August 25, 2008

1957


On the year of my birth Carlos P. Garcia had just assumed the presidency after Ramon Magsaysay was killed in a plane crash on Mount Manunggal in Cebu. The National Anthem is now sung in Tagalog. It was just a year ago when the Surian ng Wikang Pambansa, upon the urgings of Magsaysay, rendered the Spanish lyrics of Filipinas/La Marcha Nacional Filipina, into Tagalog and replaced Land of the Morning as our national anthem. Some of us may still remember that it was Julian Felipe who composed the music La Marcha Nacional Filipina in 1898, and that a year later Jose Palma wrote the poem Filipinas as lyrics for Felipe’s marching song. In 1920 Palma’s lyrics in Spanish was translated to English by Camilo Osias and A.M. Lane, the duo presumably doing their best to match the translated lyrics with the meter and cadence of Felipe’s march. Old timers would probably agree with me that the Surian’s translation is closer to Palma’s original than Land of the Morning, but what gets my goat is the word silanganan.
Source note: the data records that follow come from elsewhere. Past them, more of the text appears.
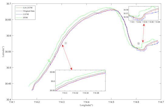 After data preprocessing, a series of typical ship trajectories with large turning amplitudes is selected for experiments. In this paper, considering model calculation complexity, calculation time, and prediction performance for the SVM model, the radial basis function is selected as the kernel function, where the values of kernel function parameter and penalty coefficient are and , respectively. For the LSTM network model, 30 hidden-layer neurons are selected, the number of iterations is 1000, and the learning rate is 0.01. The parameter values for the GA [35,36] are shown in Table 1, where MaxGenerations is the maximum number of iterations before the GA stops optimization and PopulationSize is the size of the initial population. The smaller its value is, the more prone sick populations are to appear. The larger the population size is, the more difficult the algorithm is to converge and the lower robustness it has. CrossoverPop is the crossover probability; if the value is too large, it is easy to miss the optimal individual and the randomness is large, while the crossover probability is too small to effectively update the population. MutationPop is the mutation probability; if its value is too small, the diversity of population decreases too quickly, which easily leads to the loss of effective solutions and is hard to repair. If its value is too large, the probability of the optimal individual being destroyed also increases, which is not conducive to finding the optimal solution.
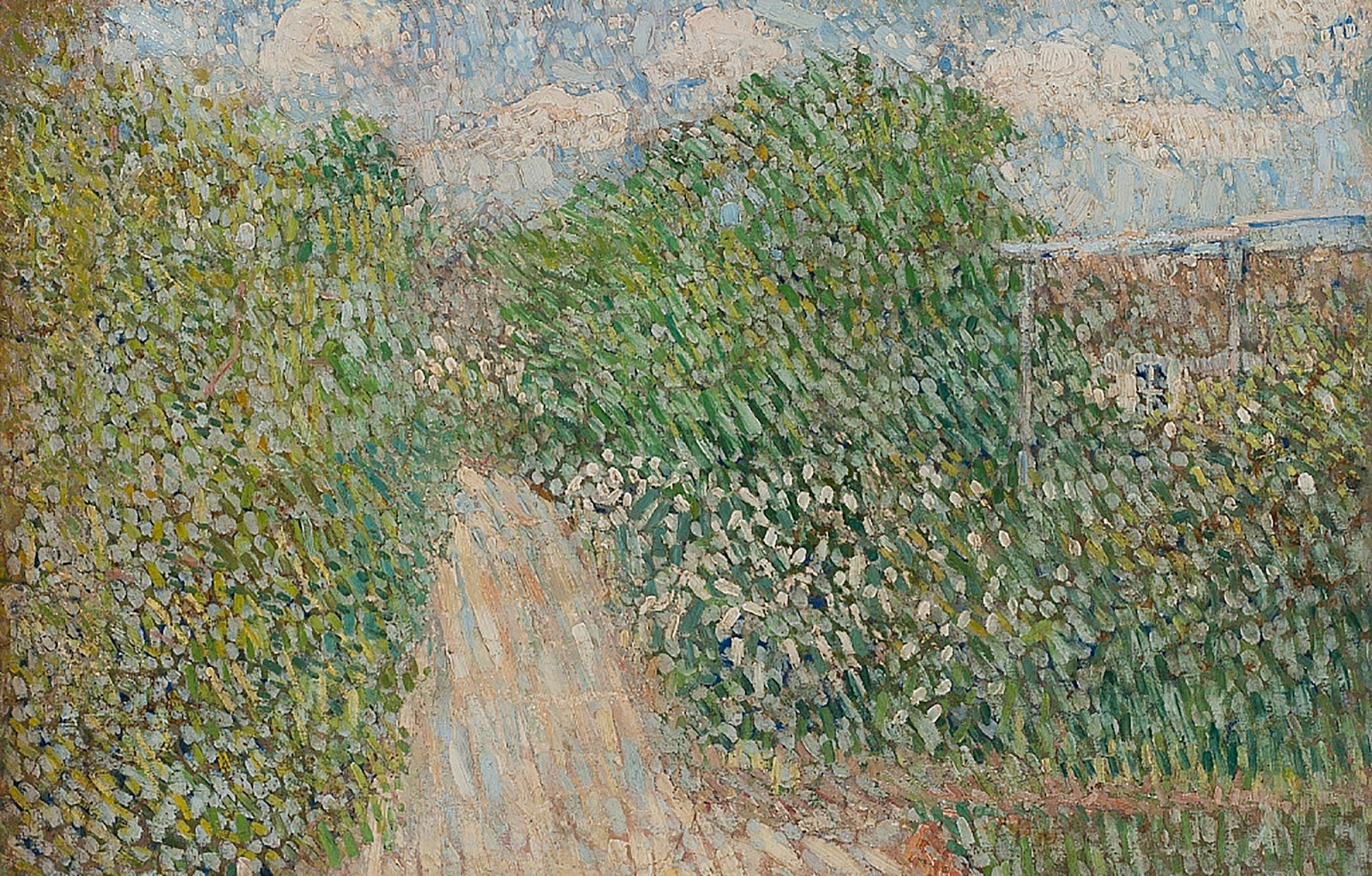 Тифлокомментарий: фотография картины Баранова-Россине «Дорожка в саду». Вертикальными мазками бежевых оттенков художник изобразил тропинку, уходящую вглубь сада. По обеим ее сторонам кусты. Ближе к земле зелень переходит в более светлые мазки. Справа очертаниями выделена изгородь. За кустами, там, куда уходит тропинка, голубое небо с легкими облачками.
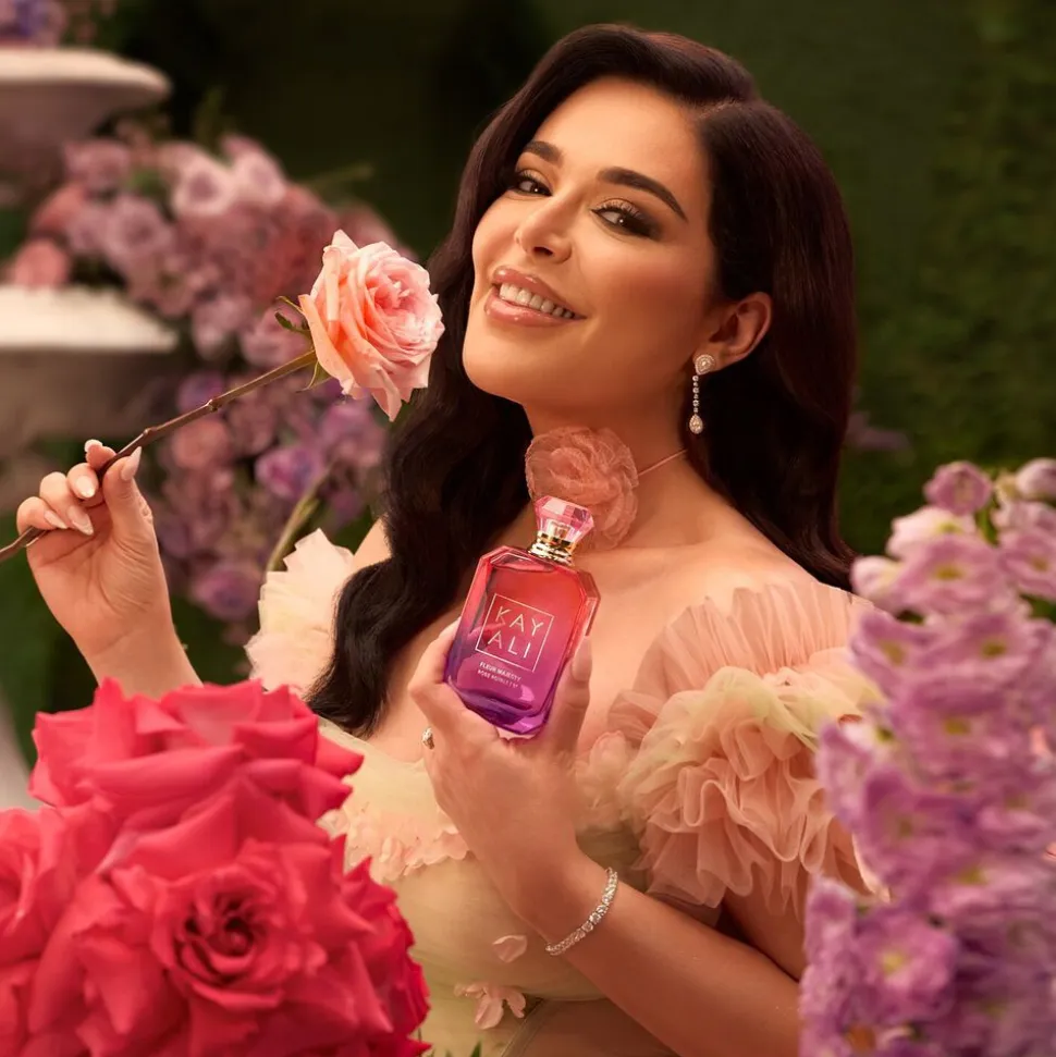 “Min inspiration til KAYALI har altid været at få folk til at føle sig rigtig godt tilpas, når de bærer vores dufte. Med Fleur Majesty Rose Royale | 31 ønskede jeg at skabe en varm blomsterduft, der både er stærk og blød – en duft, der føles ubesværet elegant, selvsikker og unik. For at bringe denne dufthistorie til live valgte jeg rosen som grundtone, da den ofte kaldes “blomsternes dronning” og præsenterer en romantisk og tidløs facet af duften. Vi tilføjede lækker grøn pære og sød fersken samt delikat lyserød pæon, violettræ og violet moskus for at skabe en sensuel og kraftfuld duft, der holder længe!” – Mona Kattan
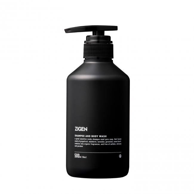 成分だけでなく、容器も環境に優しくなった「ZIGENシャンプー&ボディウォッシュ」は、黒を基調とした新たなデザインで4月9日(木)より発売を開始、石けんならではの心地よい使用感と、天然アロマ精油の香りで癒されるバスタイムを皆様に提供します。
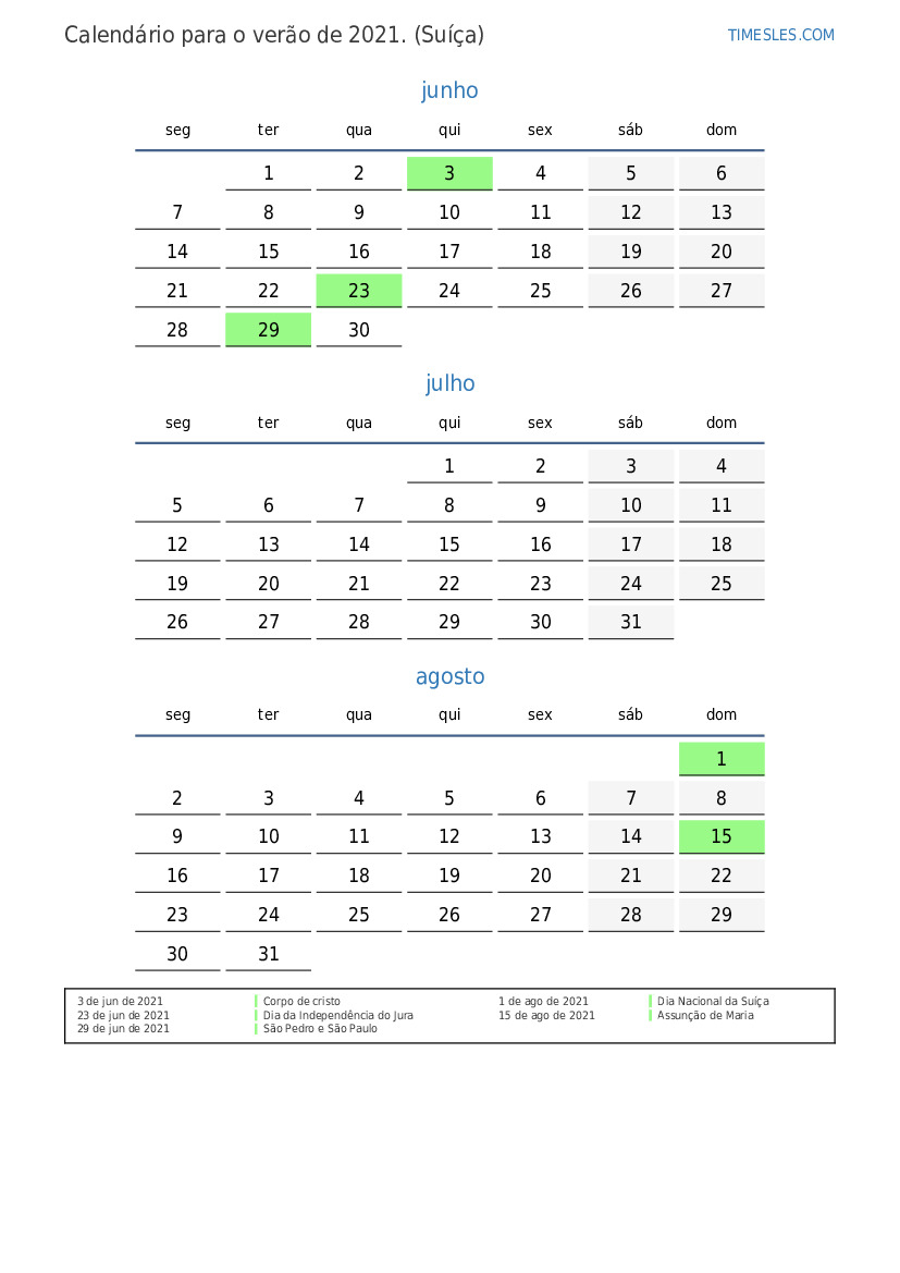 No verão de 2021, há 6 feriados e dias de folga na Suíça. Verão 2021 começa na terça-feira e termina na terça-feira.
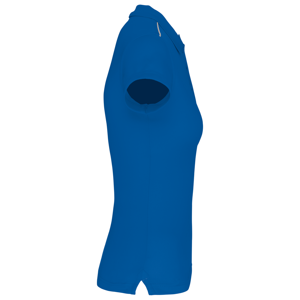 100% Poliestere Interlock Quick Dry ®. Collo in costina a 3 bottoni. Nastrino al collo in contrasto e spacchetti laterali. Piping in contrasto alle spalle. Cuciture a doppio ago alle maniche e sul fondo.
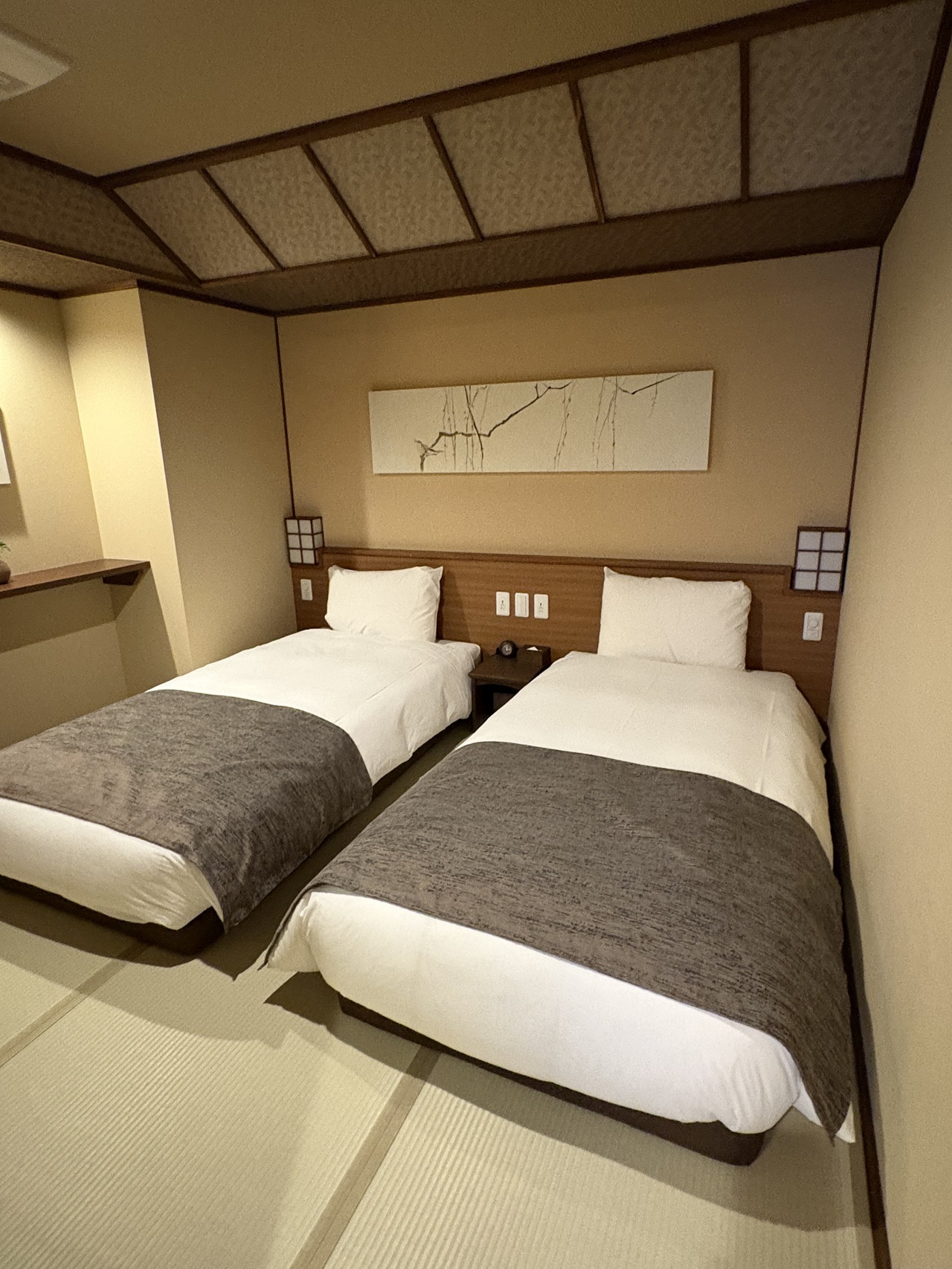 3泊しました。1泊目は多分日本人私達だけと思います。それくらい外国人率95パーセントくらいです。でもお部屋に温泉あるしお食事も時間予約制なので全然だいじょうぶでした。大浴場も畳敷で情緒あります。お部屋の温泉も熱いお湯が出て調節もできます。お食事も3泊とも内容が違い満足でした。
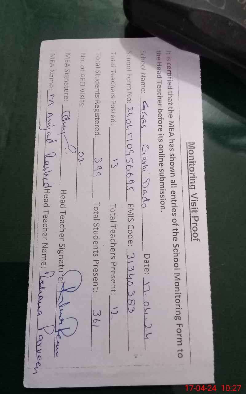 | EMIS Code: 31340383 | Name of School: GGES GHARI DADO | |||
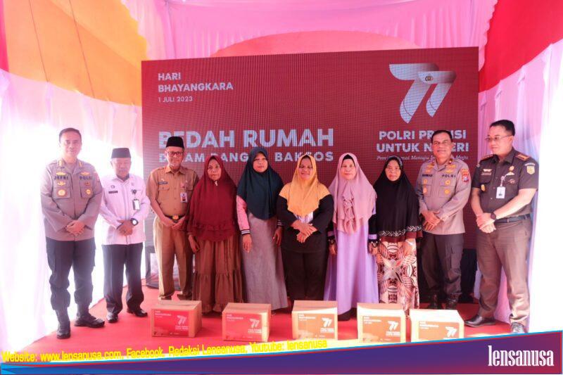 PEKANBARU, RIAU | LENSANUSA.COM – Wakapolda Riau, Brigjen Pol Kasihan Rahmadi, menyerahkan secara simbolis kunci rumah hasil renovasi (bedah rumah) bantuan Kapolri dalam rangka Hari Bhayangkari ke 77, di Jalan Pesisir Gang Singgalang, Kelurahan Meranti Pandak, Kecamatan Rumbai Pesisir, Pekanbaru, Senin (19/06/2023) pagi, sekitar pukul 10.00 Wib.

Now, I don’t claim I know my Tagalog that well (-- just as I don’t claim to know my English that well either, or the Spanish language for that matter), but I don’t believe that silanganan is an accepted usage or variation of the Tagalog word silangan (which means East, or the dated Orient, in English). Well, I guess everybody had deadlines even the geniuses at the Surian so they probably thought it was all right to add an extra syllable to force fit the lyric with the melody much like singers add a yeah or a moan to their song.

In November of the same year, Garcia will win in the general elections and will get a full term as president. Valentin de los Santos ran for president, too; he lost; ten years later, Santos, as Supremo of the Lapiang Malaya, will lead an uprising against Marcos.

It was also the year when wooden rings were sold commercially in stores after their success as an exercise tool in Australian schools. Toymakers Richard P. Knerr and Arthur K. Melvin of Wham-O caught wind of the idea and started selling plastic hoops in the United States (These two also marketed the slingshot, which was originally invented to shoot pieces of meat into the air, as a training device for falcons). Here in the Philippines, the hoops came out as Hula-Hoops; made from rattan vines wrapped with plastic bands.

This year the Soviet Union also launched the Sputnik-- the world’s first man-made satellite. The Russians launched Sputnik from the Baikanor Space Centre in the Republic of Kazakhstan (-- a country later made famous by an abrasive British actor in the film Borat). Sputnik was 58cm in diameter; weighed 83.6 kilograms, and orbited the Earth in 96 minutes and 12 seconds. Here in the Philippines, Sputnik was adopted as a name by a criminal/prison gang whose members have Visayan roots.